Dog Park; Our Children Are Terrible; Nerds

Come on you guys, send me some letters to my advice column! I promise to be shorter-winded if that is what you would like. Doesn’t anybody want to talk about grad school or their abusive boyfriend or cooking or not having children or some weird sexual issue? You know Dan Savage is never going to answer your letter–he gets a million a day! For me, there is only you. You and your weird sexual issue.

I have spoken here about the dog park and how weird it is as a culture. Here is the next level: the people at our dog park have now made a t-shirt with the names of all the dogs at the park on the back of the shirt. Guess whose name isn’t there!

Poor snoop.

Everyone’s talking about this heavy NYer about how American children are so spoiled that it’s unbelievable. Like our entire philosophy on children is totally perverted and warped from the ground up. In France three year olds can sit quietly through a 4 course meal and bake cupcakes unsupervised. In America we’re still breastfeeding our 10 year olds and tying our college students’ shoes for them. All these new books are coming out about how America is the only country in the world where parents work for their children’s approval instead of the other way around. One of the authors is American but raised her baby in France, and started researching her book when she realized that her child was always the stupidest, loudest, most ill-behaved child at any social gathering. Digging into that uncomfortable fact, she found that child-rearing tactics in America and France are basically diametrically opposed. The French believe in frustration and challenge as character-building. See also: the French school system. They don’t believe their children require 100% of their attention at all times. The article also talks about non-western cultures, like these tribal people who by the age of 6 are just cheerfully contributing to the family work without being asked. Contrasting this stuff with these horrendous studies where they put cameras in the homes of 35 Los Angeles families and it’s like, you are ashamed to even be alive.

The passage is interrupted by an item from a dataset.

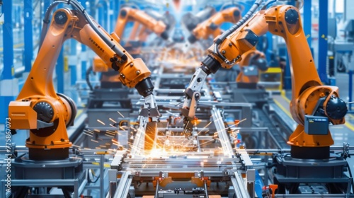 Robots Working on Conveyor Belt in Factory

But that article did not tell me anything I haven’t already been bitching about for years. The article I really loved in this issue was the one about the crazy scavenger hunt at U of Chicago! How have I never heard of this before??? I was so delighted, sitting on the couch LOLing. It’s apparently this huge nerd festival that lasts for 4 days every May. There’s a panel of judges who are appointed for life, and they spend months compiling these crazy lists of tasks and items with attached points. At midnight on the first day of the Hunt, each team sprints to this one building and has to solve a riddle or build a machine or something to get their list, then they’re off!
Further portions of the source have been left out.